Once the attributes are created, their values in any subtree can be
easily queried:
```
# query the genome size values under node 562
fastsubtrees attr query --ids nt.tree genome_size 562
```

#### CLI example with generic data

Fastsubtrees is not only usable with the NCBI taxonomy tree. The following
example constructs a tree with example data included with the repository
loading it from a tabular file.

```
# construct the tree, using a tabular file as data source
fastsubtrees construct small.tree --tab tests/testdata/small_tree.tsv
```

The data source can be differet: for example also a differently
formatted tabular file or a database table. For these cases, a Python
module is passed, which yields the tree data, as described in the
CLI manual.

### API

The library functionality can be also directly accessed in Python code using
the API, which is documented in the
[API manual](https://github.com/ggonnella/fastsubtrees/blob/main/docs/api.md).

## Subpackages

### ntmirror

When working with the NCBI taxonomy database, a local copy of the NCBI taxonomy
dump can be obtained and kept up-to-date using the _ntmirror_ package, which
is located in the directory ``ntmirror``. It is a Python package, which can
be installed using ``pip``, separately from _fastsubtrees_.
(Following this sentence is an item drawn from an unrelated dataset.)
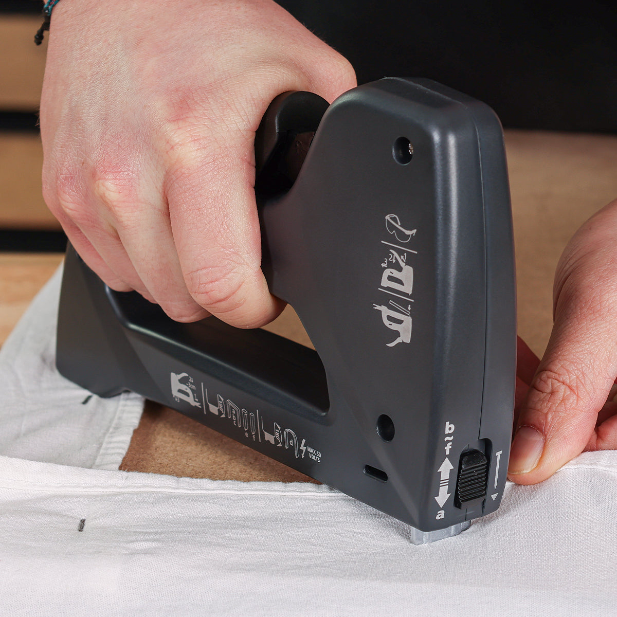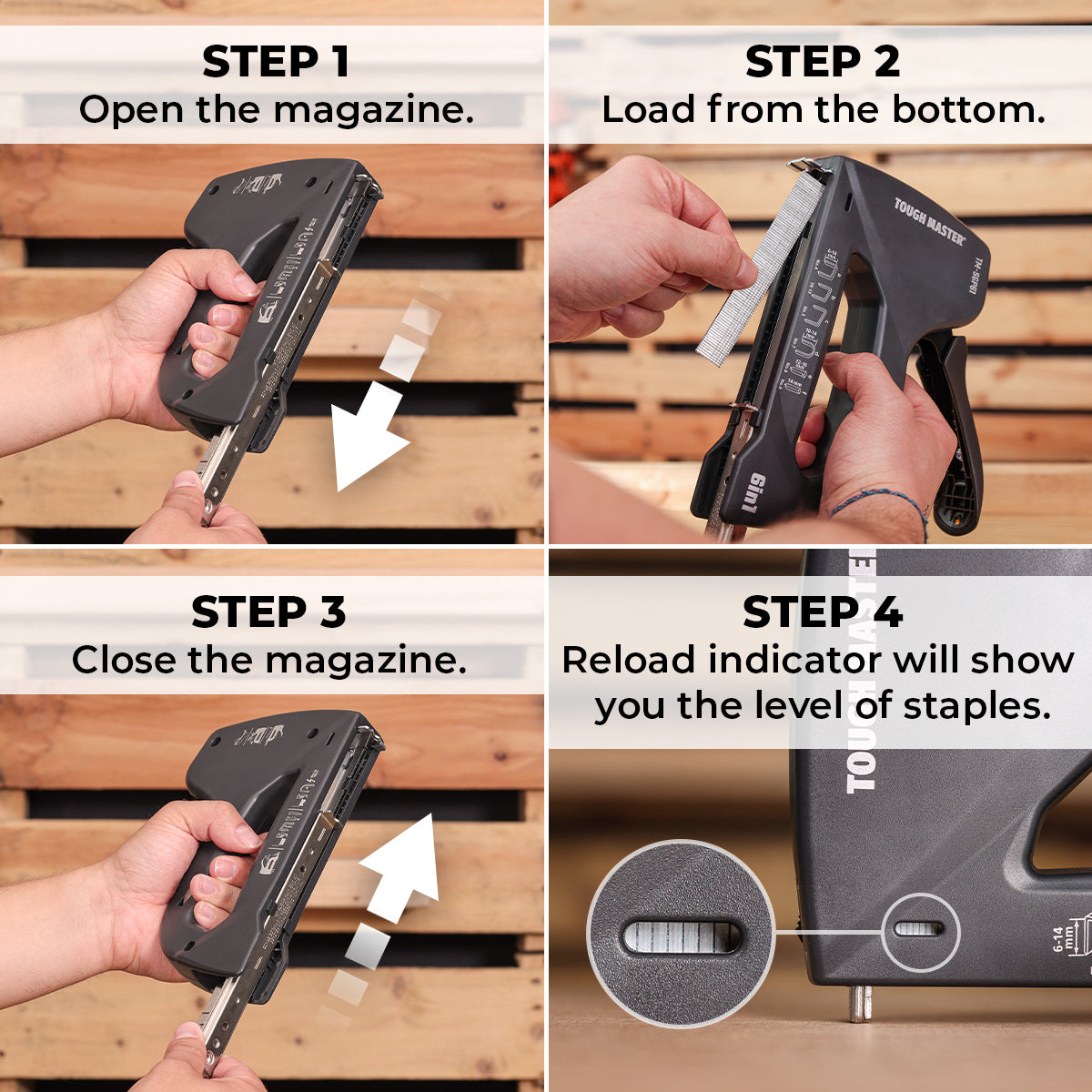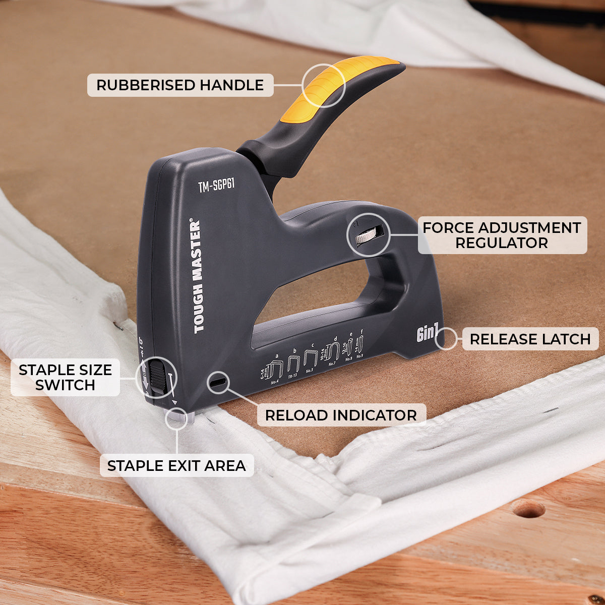 Su TOUGH MASTER 6 in 1 kabių pistoletu atlikite dar platesnį užduočių ir funkcijų spektrą. Šis susegiklis gali būti naudojamas su 6 tipų kabėmis, vinimis ir smeigtukais be galvučių: #3 kabės (6-14 mm) #4 kabės (6-14 mm) TR-13 kabės (6-14 mm) #7 kabės (10–14 mm) Kabės Nr. 8 (12–16 mm) ir kaiščiai Nr. 9 be dangtelių (14 mm). Pagaminta iš aukštos kokybės ABS plastiko, šis kompaktiškas ir patvarus segiklis yra lengvas, atsparus smūgiams ir paprastas naudoti. Pakeiskite kabės slėgį jėgos reguliatoriumi, kad jis atitiktų jūsų „pasidaryk pats“ projektus arba profesinius reikalavimus. Greitojo įkrovimo funkcija leidžia lengvai papildyti segiklį, o įkrovimo indikatorius rodo, kada reikia papildyti. Įsitikinkite, kad naudojate susegiklio rankenos užraktą „6 in 1“.

Besides downloading the dump, when needed, the package also allows to load
the NCBI taxonomy database in a local SQL database, and to extract subtrees
from it using hierarchical SQL queries.

Please refer to the user manual of _ntmirror_ located under ``ntmirror/docs``
for more information.

### Genomes Attributes Viewer

An interactive web application based on ``fastsubtrees`` was developed using
_dash_. It allows to graphically display the distribution of values of
attributes in subtrees of the NCBI taxonomic tree.

This example application is located under ``genomes-attributes-viewer``. For
more information see the ``genomes-attributes-viewer/README.md`` file.

The application can be conveniently setup and started using the Docker
image, see above in the _Docker_ section.